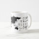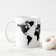 Coffee, travel, sleep repeat quote and world map on a black and white mug with editable art and text colours. Let your wanderlust shine at home and dream about your next trip while using this cute coffee mug at home. Similar coordinating design is available on other types of mugs in the Custom Paper Works Zazzle Designer Shop.
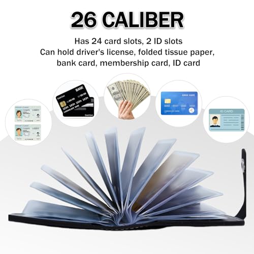- 【Suitable Dimension】the size of card holder is 4.53 * 3.35 * 0.98 inch (11.5 * 8.5 * 2.5 cm), including 12 double-sided card sleeves that holds up 24 card, and including 2 id card slots, holds up to 26 cards.
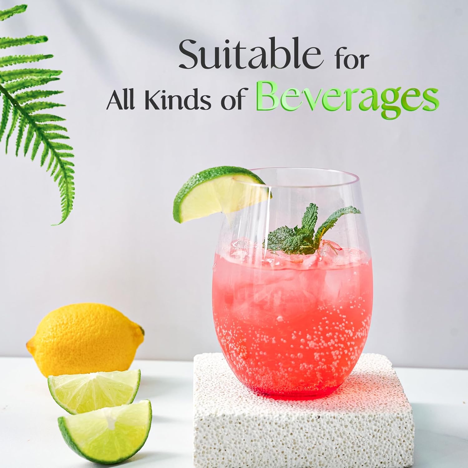 • Our clear stemless plastic wine glasses are heavy duty, unbreakable, shatterproof, disposable and reusable; High quality PET plastic makes the wine glass look crystal clear and adds a touch of ambiance to your party
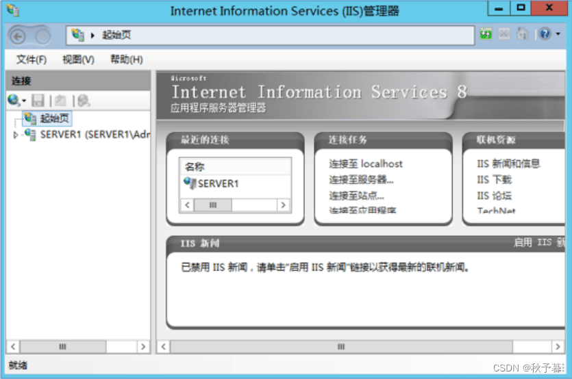 成功安裝“Web服務器(IIS)”角色后,在服務器管理器左側會多出一欄“IIS”,或者也可以Win+R執行inetmgr快速調出IIS管理器
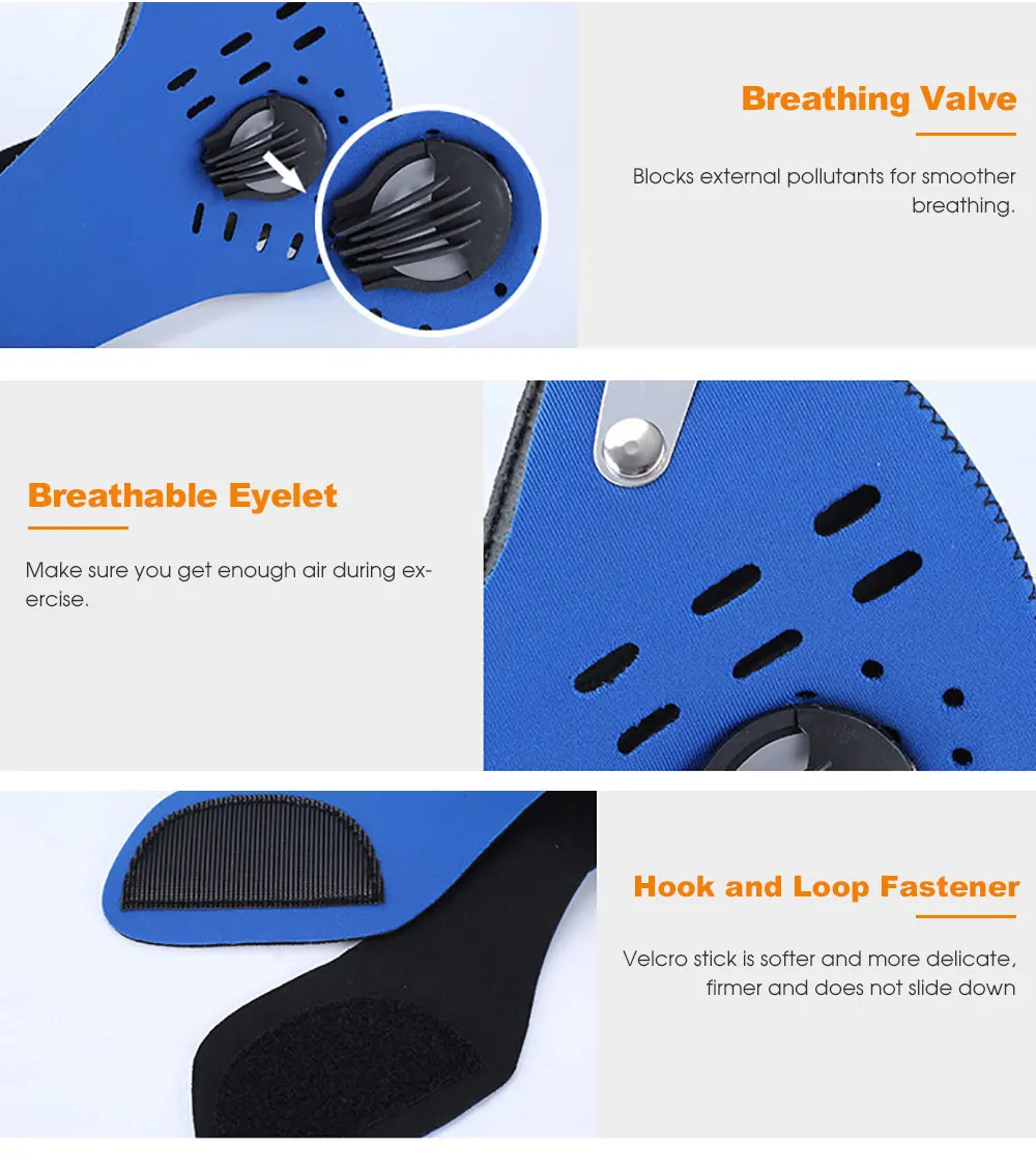 1. Activated Carbon Cycling Mask , 3 Layers of The Filter. 2. Breathable Sporting Fabric , Preventing Dust/Dirt. 3. Breathable Vents , Making Sure That You Could Get Enough Air. 4. Hook and Loop Fastener , Do Not Afraid Fail Down While Doing Sports.
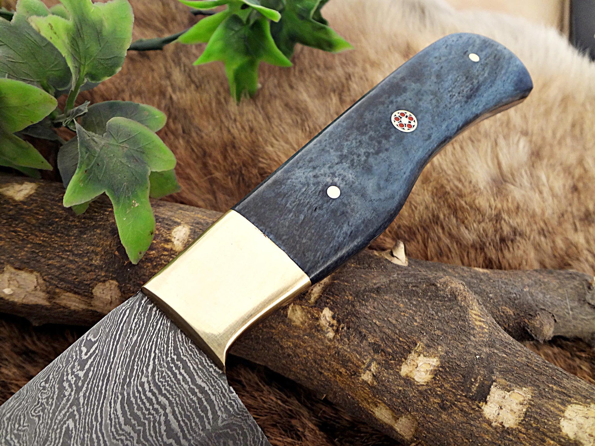 - Damascus Steel kitchen Knife 14 Inches full tang 9″ long Hand Forged blade, Blue Colored camel bone and brass bolster scale
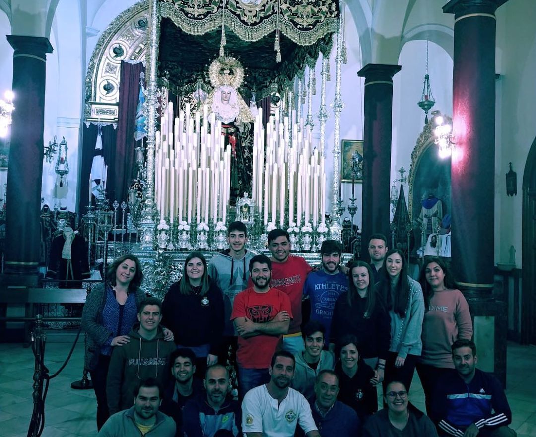 En 1975, bajo el impulso de una Junta de Gobierno comprometida con la juventud, se fundó oficialmente el Grupo Joven de la Hermandad, liderado por José Manuel Peña Pérez. Este grupo realizó actividades de formación cristiana, participando activamente en diferentes áreas de la Hermandad, como priostía y secretaría. Como recuerdo de ese primer grupo, se donó la actual Cruz de Guía que acompaña cada Viernes Santo.
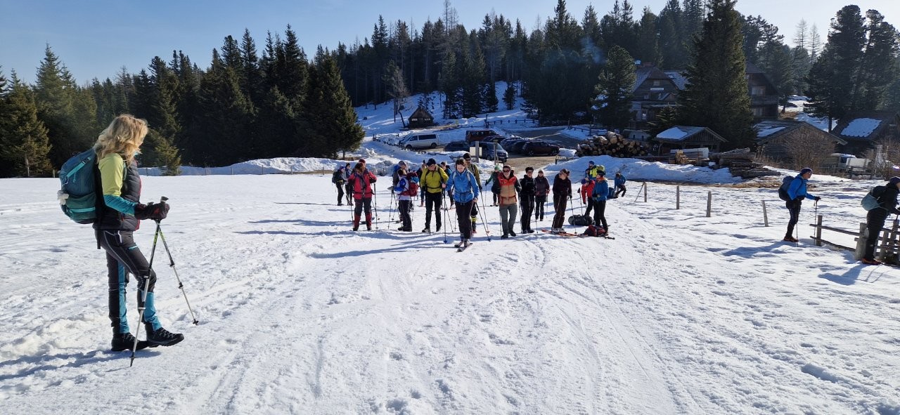 Iz Šoštanja smo se ob 6. uri zjutraj odpeljali s tremi kombiji in se preko Dravograda pripeljali do izhodišča pri koči Waldheimhütte na približno 1600 metrih nadmorske višine. Na izletu je sodelovalo 21 udeležencev in 5 vodnikov, od tega se je 7 udeležencev odločilo za turno smuko. Skupina je v lepem tempu proti vrhu napredovala približno dve uri in pol.

---

**Work request:** Every line from the start of the material through the line holding "- 【Suitable Dimension】the" must be returned exactly, and the pictures must not.

**Solved exercise:**
 Coffee, travel, sleep repeat quote and world map on a black and white mug with editable art and text colours. Let your wanderlust shine at home and dream about your next trip while using this cute coffee mug at home. Similar coordinating design is available on other types of mugs in the Custom Paper Works Zazzle Designer Shop.
- 【Suitable Dimension】the size of card holder is 4.53 * 3.35 * 0.98 inch (11.5 * 8.5 * 2.5 cm), including 12 double-sided card sleeves that holds up 24 card, and including 2 id card slots, holds up to 26 cards.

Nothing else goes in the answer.